Le président des évêques canadiens abolirait la prière aux Communes

OTTAWA — Le Bloc québécois peut compter sur un appui de taille dans sa croisade pour abolir la lecture de la prière à la Chambre des communes et la remplacer par un moment de réflexion: le président de la Conférence des évêques catholiques du Canada est lui-même «tout à fait» d’accord.

«Prier Dieu et voter, c’est un petit peu embêtant, ça semble non logique», a résumé Mgr Raymond Poisson, dans une entrevue accordée vendredi à La Presse Canadienne.

Être à la place des élus, «je voterais pour un moment de réflexion laissant place à chacun à pouvoir exprimer dans son fort interne sa référence religieuse ou non religieuse», a-t-il dit.

L’enjeu de la laïcité est revenu à l’avant-scène cette semaine alors que le Bloc québécois a forcé les élus à se prononcer sur une motion visant à ce que cesse la coutume qui a lieu au début de chaque séance, mais les conservateurs et la quasi-totalité des libéraux s’y sont opposés.

Le Bloc québécois proposait que la prière, qui commence par «Dieu tout‑puissant» et se termine par «Amen», soit remplacée par un moment de réflexion.

La société a évolué, reconnaît Mgr Poisson. «En 2022, on est dans une société très multiculturelle, et multireligieuse, plurireligieuse, et même il y a des personnes qui ont des références religieuses et d’autres qui n’en ont pas».

Une période de réflexion permettrait aux députés croyants de demander «l’aide de Dieu ou de sa référence religieuse pour les décisions qu’elle (la Chambre des communes) va prendre», mais également d’offrir aux autres l’occasion de réfléchir.

L’évêque catholique romain note que cela réglerait l’enjeu que «quand on prend un moment de prière, forcément, il faut utiliser des mots».

Mais gare à l’idée d’évacuer des «symboles de l’histoire» comme les références religieuses contenues dans la Constitution du Canada ou l’hymne national, a-t-il prévenu en réagissant à l’idée d’apporter d’autres ajustements.

«Un hymne national, c’est un hymne de ralliement, mais il n’est pas là juste pour dire aujourd’hui. Il est là pour dire ce que nous étions, ce que nous sommes et ce que nous deviendrons.»

«On ne reviendra pas à la charge»

Au Bloc québécois, le porte-parole en matière de laïcité, Martin Champoux, qui a déposé la motion, cachait mal sa joie après avoir appris l’opinion de l’évêque Poisson, étant à la fois «surpris» et «enchanté», voire même «flatté».

Une prière est récitée au début de chaque séance depuis 1877, mais n’est inscrite au règlement que depuis 1927.

Le Bloc québécois n’en est pas à sa première tentative visant à y mettre fin. La formation avait échoué à obtenir le consentement de la Chambre en 2019.

Après la récente défaite, mercredi, le chef bloquiste Yves-François Blanchet n’a pas exclu que son parti revienne à la charge lors de discussions prévues en juin lors de réunions du comité qui se penche sur les règles de la Chambre.

Or, M. Champoux a écarté l’idée vendredi, préférant renvoyer la balle dans le camp du «gouvernement et les autres partis» de proposer eux-mêmes d’initier la discussion à la lumière des commentaires du président de la Conférence des évêques catholiques du Canada.

«On a donné l’occasion aux députés et à la Chambre et aux partis d’en débattre, de voter sur la question, ce qu’on a fait mercredi, avec le résultat que 266 députés ont préféré maintenir la prière, a-t-il soutenu. On ne reviendra pas à la charge avec un autre débat là-dessus, une autre motion là-dessus.»

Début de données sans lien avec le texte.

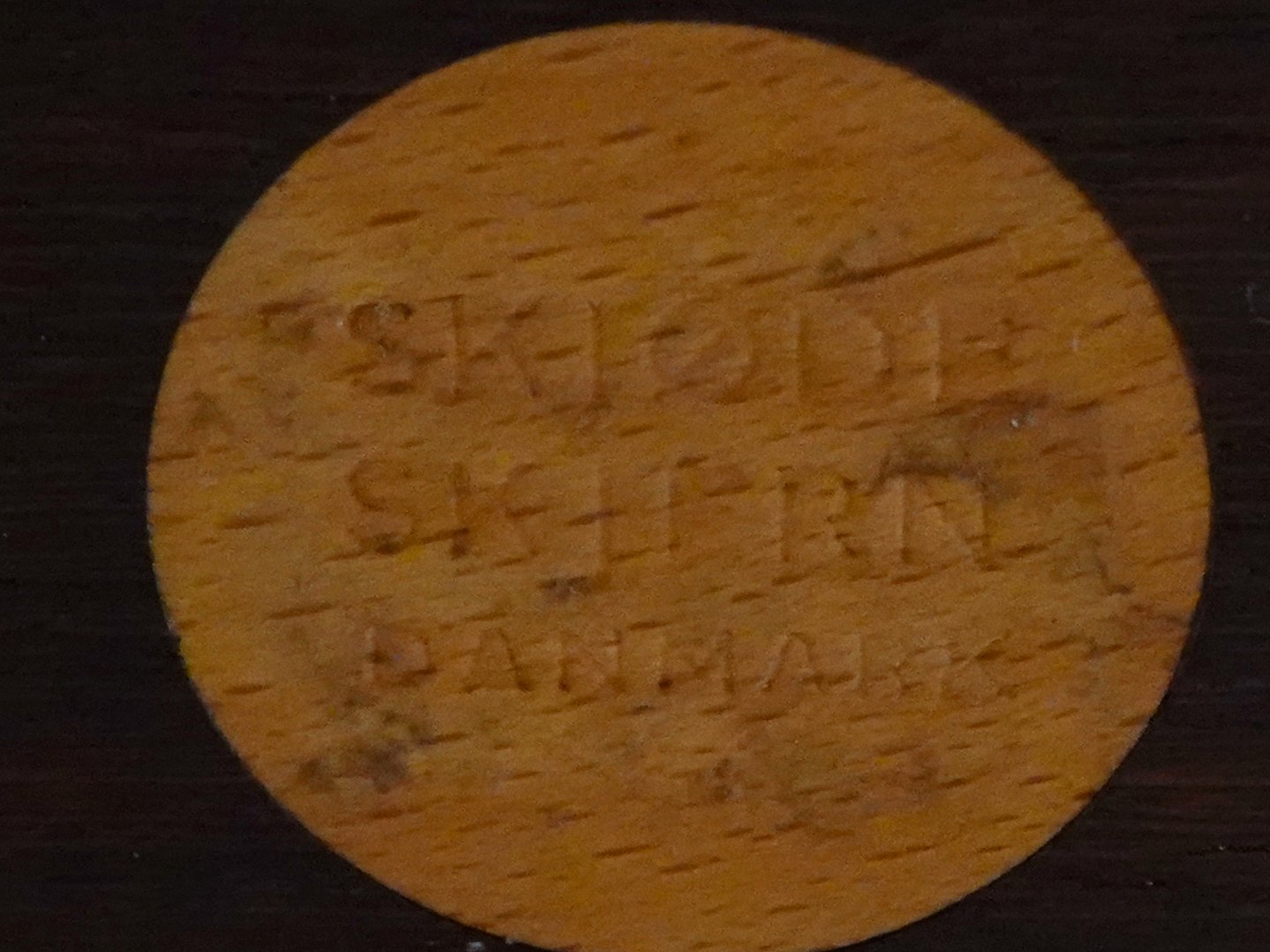 Skjøde Skern, stort rundt ostefad i wengetræ med indlagt bøgetræ. Designet af Theodor Skjøde Knudsen. Diameter 36,5 cm. En metaldut mangler i bunden ellers perfekt stand.

Selon le règlement de la Chambre des communes, avant chaque séance, le président prend place au fauteuil et récite la prière en partie en français et en anglais. Les députés doivent se ternir debout durant ce temps.

Les travaux doivent débuter deux minutes après la lecture. C’est alors que les portes sont ouvertes et que commence la télédiffusion des travaux.